1. Bhattacharya A, Mamcarz M, Mullins C, Choudhury A, Boyle RG, Smith DG, Walker DW, Klann E. {{Targeting Translation Control with p70 S6 Kinase 1 Inhibitors to Reverse Phenotypes in Fragile X Syndrome Mice}}. {Neuropsychopharmacology : official publication of the American College of Neuropsychopharmacology}. 2015 Dec 28.

Aberrant neuronal translation is implicated in the etiology of numerous brain disorders. Although mTORC1-p70 ribosomal S6 kinase 1 (S6K1) signaling is critical for translational control, pharmacological manipulation in vivo has targeted exclusively mTORC1 due to the paucity of specific inhibitors to S6K1.However, small molecule inhibitors of S6K1 could potentially ameliorate pathological phenotypes of diseases which are based on aberrant translation and protein expression. One such condition is Fragile X syndrome (FXS), which is considered to be caused by exaggerated neuronal translation and is the most frequent heritable cause of autism spectrum disorders (ASD). To date, potential therapeutic interventions in FXS have focused largely on targets upstream of translational control to normalize FXS-related phenotypes. Here we test the ability of two S6K1 inhibitors, PF-4708671 and FS-115, to normalize translational homeostasis and other phenotypes exhibited by FXS model mice.
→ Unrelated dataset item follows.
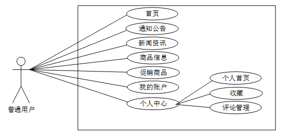 根据以上功能需求,得出以下用例图,普通用户用例图如下所示。

We found that although the pharmacokinetic profiles of the two S6K1 inhibitors differed, they overlapped in reversing multiple disease-associated phenotypes in FXS model mice including exaggerated protein synthesis, inappropriate social behavior, behavioral inflexibility, altered dendritic spine morphology, and macro-orchidism. In contrast, the two inhibitors differed in their ability to rescue stereotypic marble burying behavior and weight gain. These findings provide an initial pharmacological characterization of the impact of S6K1 inhibitors in vivo for FXS and have therapeutic implications for other neuropsychiatric conditions involving aberrant mTORC1-S6K1 signaling.Neuropsychopharmacology accepted article preview online, 28 December 2015. doi:10.1038/npp.2015.369.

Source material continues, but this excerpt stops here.